The release of energy in the aerobic respiration is greater than in the anaerobic respiration.

  • Aerobic organisms need sufficient O2 and they expell CO2 during the process.
  • Plants exchange gases through stomata. Stomata are tiny pores present on the lower surface of the leaves.
  • Breathing is an important process in animals for aerobic respiration. The rate of breathing in aquatic animals is much faster than that seen in terrestrial animals.

→ Human respiratory system : This system consists nostrils, pharynx, larynx, trachea bronchi and bronchioles and lungs. Each bronchiole ends in alveolus. In lungs, large number of balloon-like structure alveoli are present. The alveoli provide a surface for gaseous exchange. In human beings a respiratory pigment haemoglobin present in red blood corpuscles take up oxygen from the air in the lungs and carry it to tissues.

→ Blood : Blood is a fluid connective tissue that carries out transportation of many substances in human beings. Blood consists of plasma which is fluid in which blood corpuscles i.e., red blood corpuscles, white blood corpuscles and platlets are suspended. Red blood corpuscles carry oxygen. Platelets plug blood leakage by helping to clot the blood at the point of injury.

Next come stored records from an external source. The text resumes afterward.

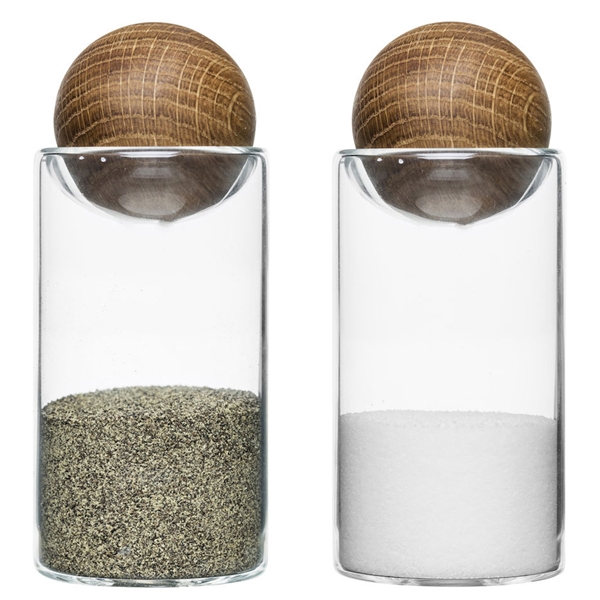 Fint Oval Oak salt- och pepparset i glas och ek. Ligger förpackad i giftbox.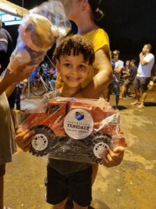 Representando a OVG, a gerente de Promoção do Voluntariado da instituição, Larissa Guimarães, lembrou que a parceria ajudou a entregar carrinhos, bolas de vôlei e futebol e bonecas. “Estamos nesta festa maravilhosa, em Trindade, com brinquedos de excelência em qualidade”, enfatizou.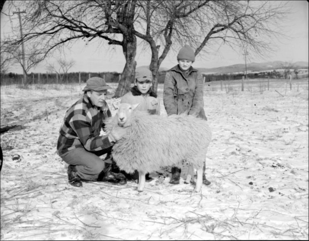 Mouton sur une ferme à Stanbridge, en Montérégie, [195-?], Archives nationales à Montréal, Fonds Ministère de la Culture et des Communications, (06M,E6,S7,SS1,D213155-213155), Photographe non identifié.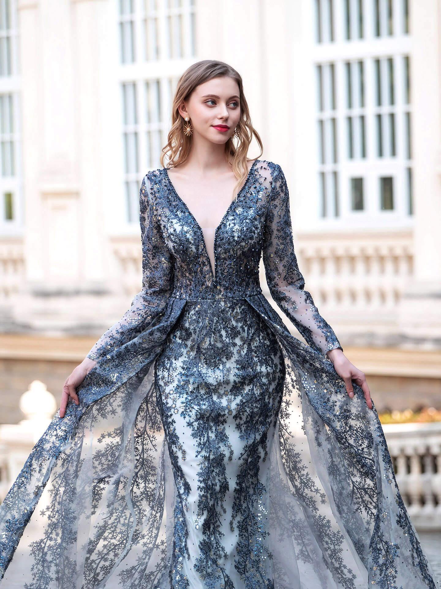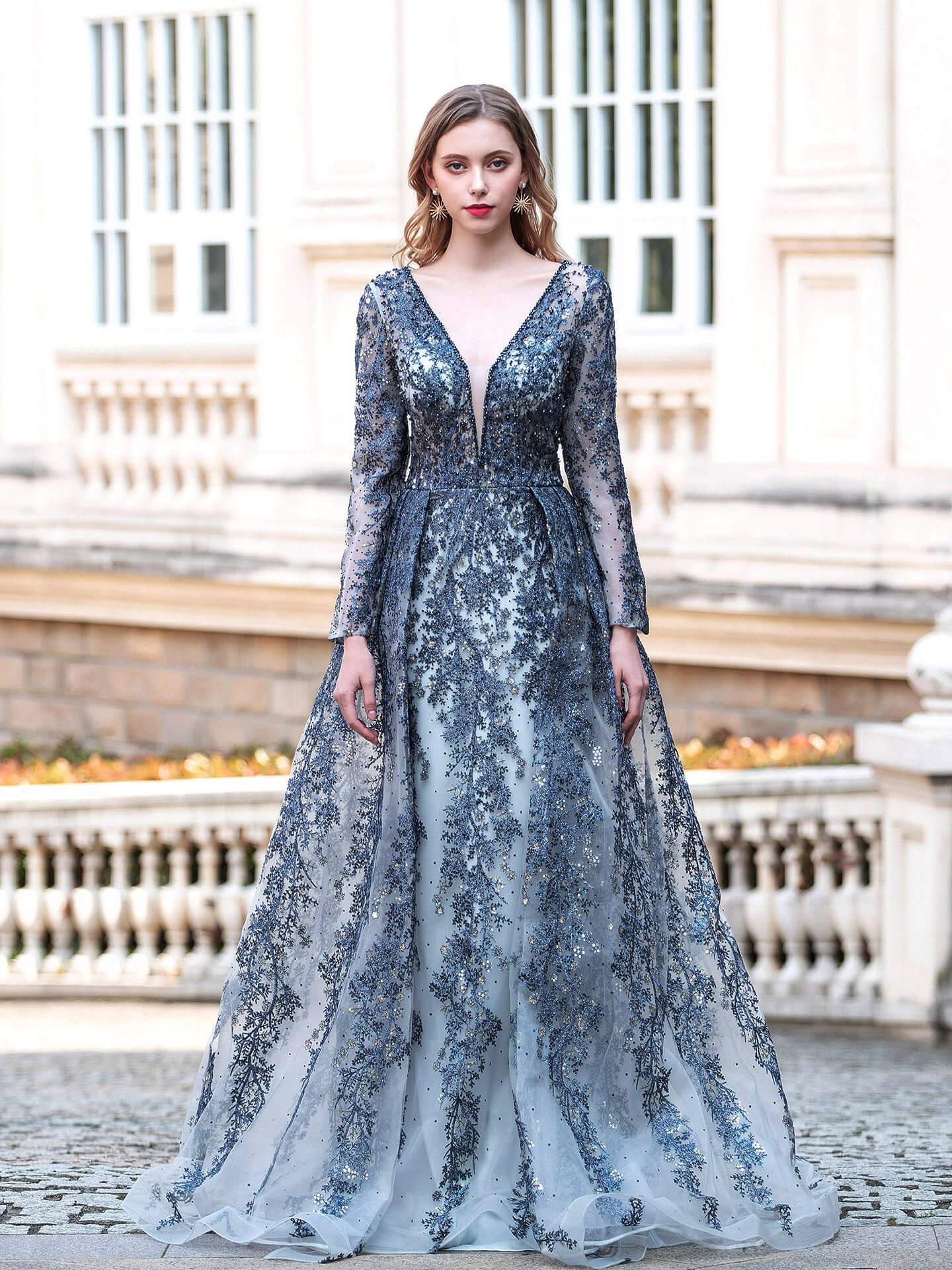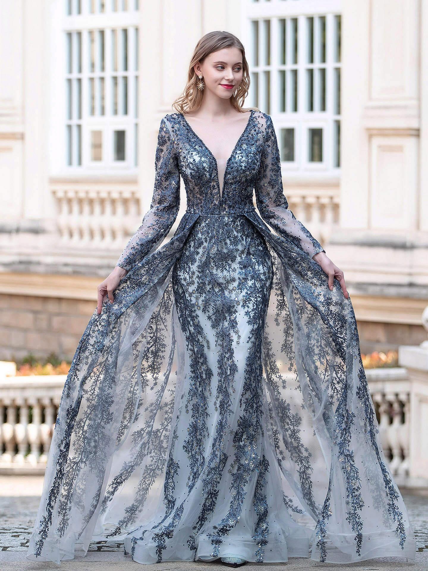Robe de soirée sirène/trompette Baoleely, col en V, manches longues, longueur au sol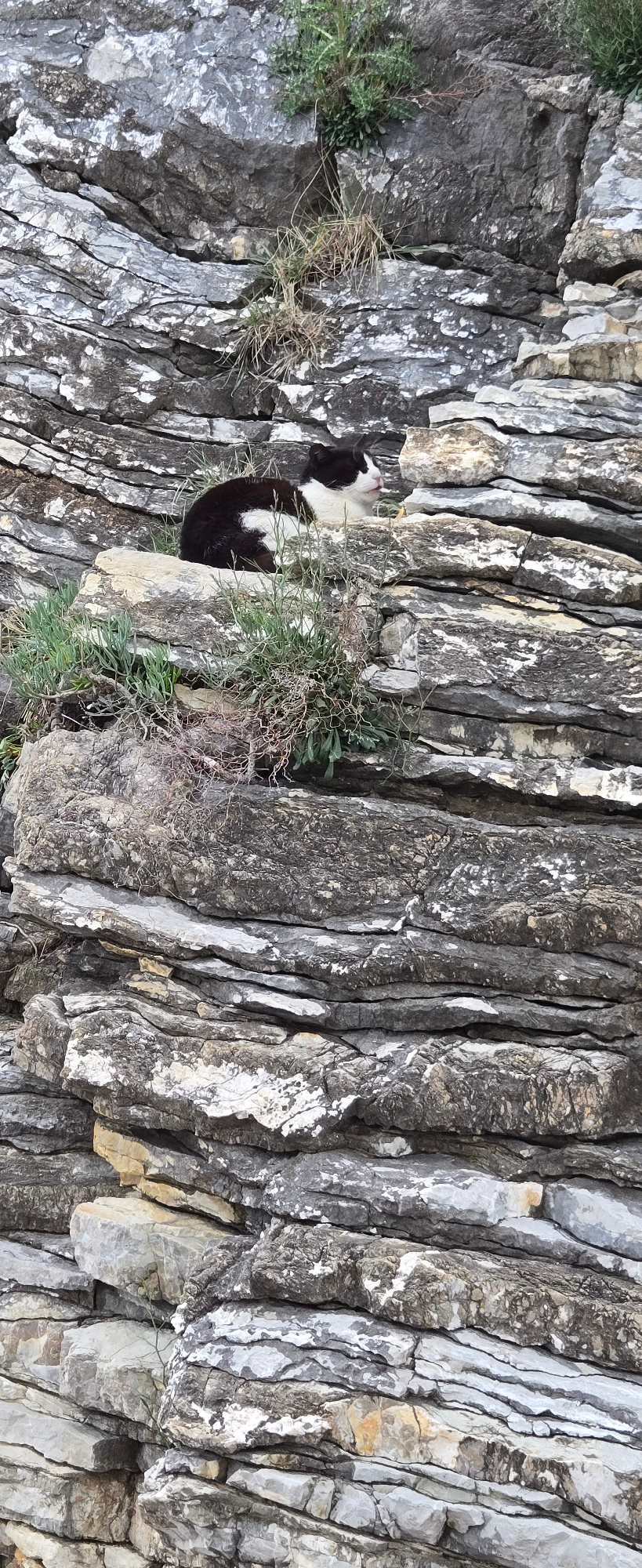 A black and white goat stands between layers of a cliffside rock face in Budva, Montenegro. The rock face is weathered, with many cracks and crevices, and small patches of vegetation growing out of it…read more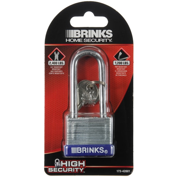 Keep your valuables safe and secured with the Brink's 40mm Long Shackle Laminated Steel Padlock. Constructed for heavy-duty security applications, the padlock features a chrome-plated, hardened steel shackle for increased cut resistance. It is equipped with a four brass pin cylinder for optimal pick and pry resistance and dual lever locking bar mechanism for maximum security. The padlock is enhanced with a 2-1/4" shackle clearance or an easier reach and flexibility. A form-fitted blue plastic bumper completes the look to safeguard and minimize scratching and marring. The laminated and hardened steel construction offers both durability and security you can depend on to keep your valuables protected. The Brink's Laminated Padlock is versatile and ideal for locking gates, chains, sheds, garages, lockers, storage containers, and toolboxes.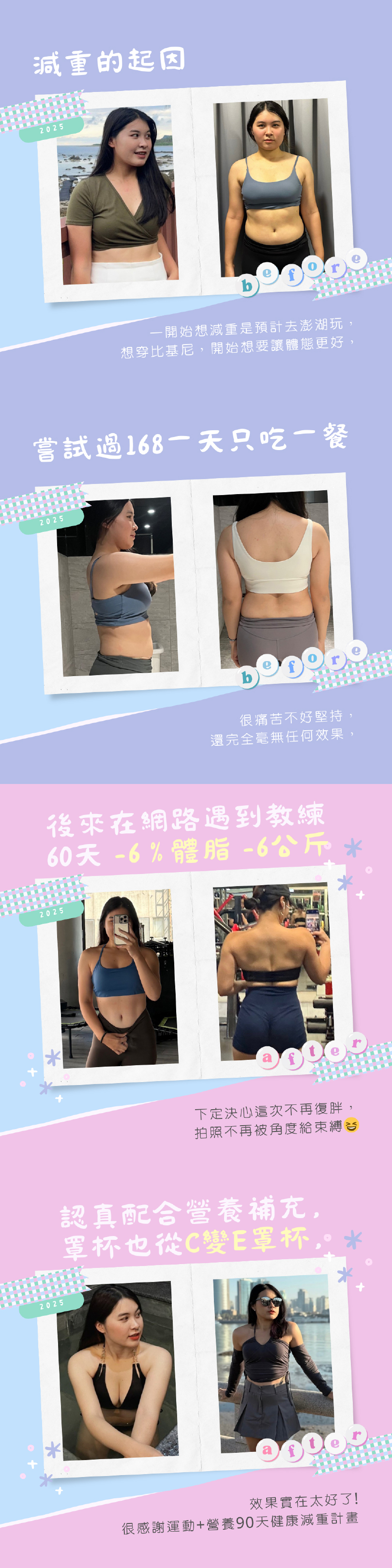 過程中有運動,也有搭配營養補充,整體很有規劃、感覺很踏實。60天下來,體重瘦了6公斤,體脂也降了6%。身體線條變緊實,已經能自在地拍照,不用再想著「這個角度會不會很胖」、「這樣是不是要把肚子藏起來」真的超開心!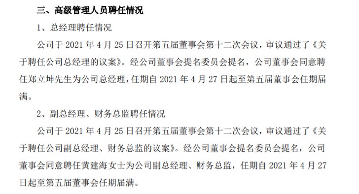 與之對應的,是東方財富公告中的另一部分內容——年輕的新高管聘任情況:聘任 1984 年出生的鄭立坤為新任總經理,黃建海為副總經理、財務總監。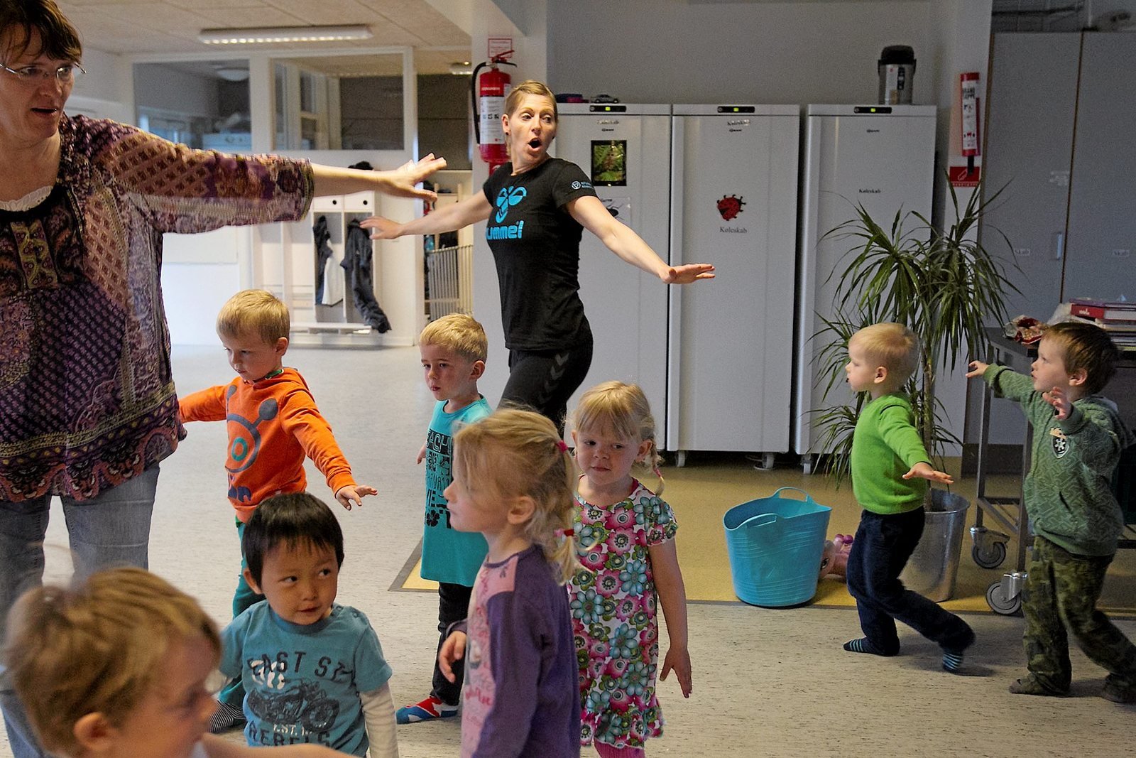 Trampende børnefødder får linoleumsgulvet i fællesrummet i Vejby til at runge. En gruppe af Bakketoppens yngste børnehavebørn er netop landet med udbredte flyvemaskine-arme i »Trampeland,« og gulvet får en solid omgang under grin og fnis.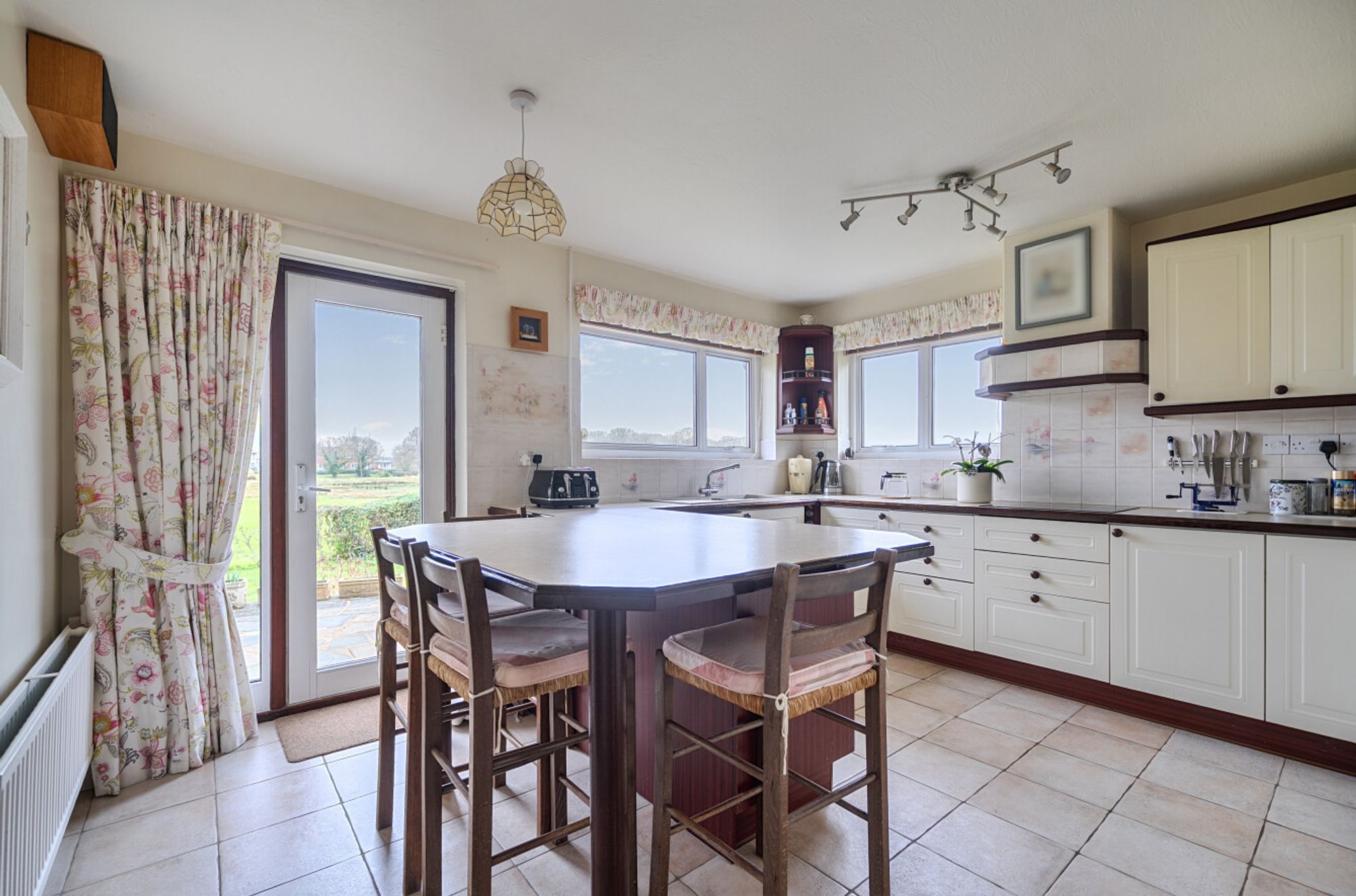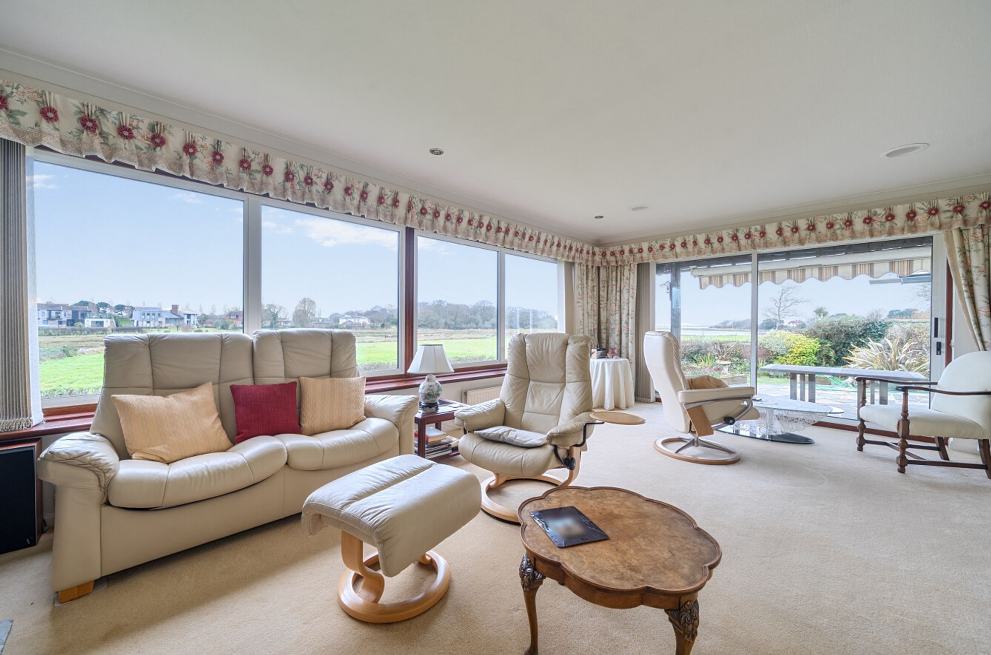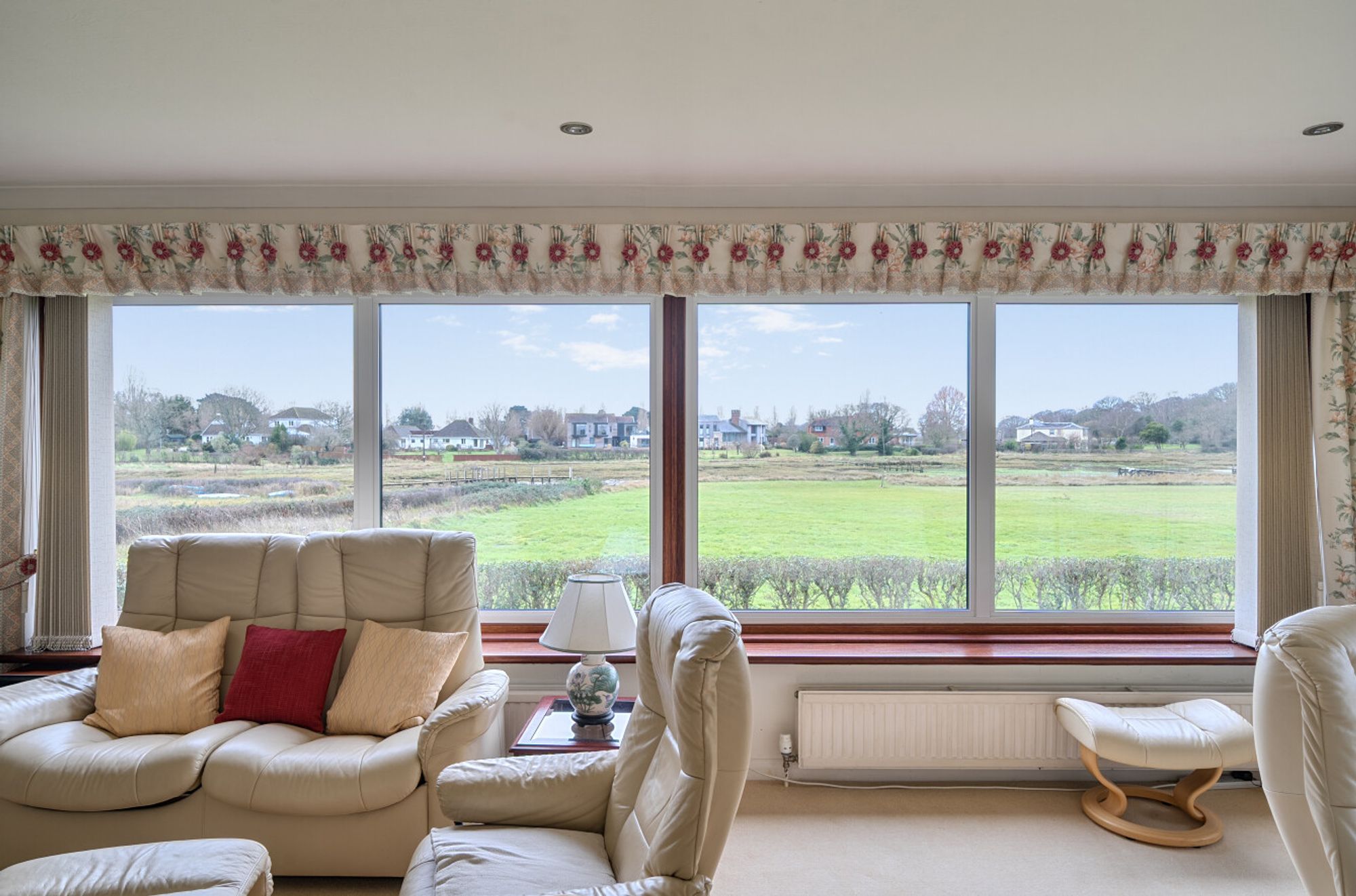 Arranged over two floors, the accommodation currently provides four/five bedrooms together with a well-balanced range of reception space. At ground-floor level, a kitchen/breakfast room, dining room and a particularly large living room enjoy a natural flow, with the principal reception room positioned to take full advantage of the Southerly and Westerly outlook across the garden, meadow and the harbour beyond.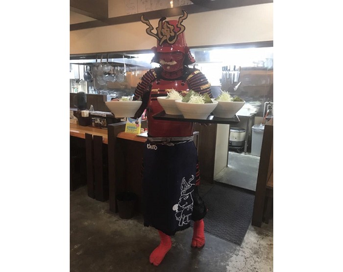 Dikutip dari Sora News 24 (23/6), pemilik restoran ramen bernama Ramen Kabuto ini adalah pencinta periode feudal Sengoku dalam sejarah Jepang. Iapun rela memakai kostum samurai saat meracik pesanan pelanggannya.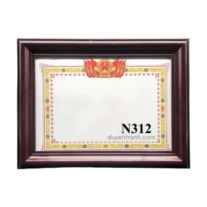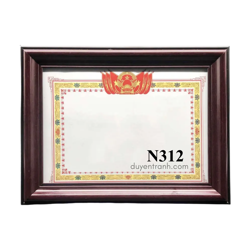 Khung làm từ gỗ composite sơn phủ — nhẹ hơn gỗ thật, chống mối mọt, chống ẩm mốc, không cong vênh theo thời gian. Bề mặt sơn phủ giả vân gỗ hoặc mạ vàng tùy mẫu. Mặt trước là kính trong suốt 2mm bảo vệ bằng khen khỏi bụi bẩn và ẩm mốc. Mặt sau bìa trắng chống mốc (không phải bìa mộc dễ mềm như nhiều nơi khác). Có sẵn chân chống để bàn + móc treo tường + đinh.

  • Human heart is conical, muscular organ which is four chambered, consisting of two atria (auricles) and two ventricles. There is oxygenated blood in left chambers of the heart whereas there is deoxygenated blood in right chambers.
  • Fishes have only two chambered heart. Amphibians and most of the reptiles have three chambered hearts.
  • Blood vessels : The blood vessels are arteries, veins and blood capillaries. In the arteries, the blood flows from the heart towards different organs and in the veins, blood flows from different organs towards the heart.

→ Lymph: It is another type of fluid involved in transportation similar to the blood plasma but it is colourless and contains less protein.

JAC Class 10 Science Notes Chapter 6 Life Processes

→ Transportation in plants:

  • In higher plants, the transportation of water and mineral elements takes place through xylem and that of synthesized organic substances takes place through phloem.
  • Conducting components of xylem: Tracheids and tracheae (vessels).
  • Conducting components of phloem: Sieve tubes and companion cells.
  • In xylem the conduction of materials starts from the root in upward direction, while in phloem the conduction of materials occurs in both the directions viz. downward from above and upward from roots.
  • In higher plants, the water in the tracheids and tracheae is pulled upwards due to the suction force created as a result of transpiration.
  • The effect of root pressure in transport of water is more important at night.
  • Transpiration : The loss of water in form of water vapour from the aerial parts of the plant is called transpiration.
  • Translocation of organic food : The transport of soluble products of Photosynthesis through the phloem tissue is called translocation. In this process ATP is used.

→ Excretion : The biological process of removal of harmful nitrogenous metabolic wastes from body is called excretion. Many unicellular organisms remove nitrogenous wastes by simple diffusion from the body surface.

→ Human excretory system : It consists of a pair of kidneys, a pair of ureters, urinary bladder and a urethra.
Each kidney has large number of the basic filtration units called nephrons.

→ Excretion in plants: Plants use completely different strategies for excretion than those of animals.
Waste material may be stored in the cell- vacuoles or as gum and resin, removed in the falling leaves, or excreted into the surrounding soil.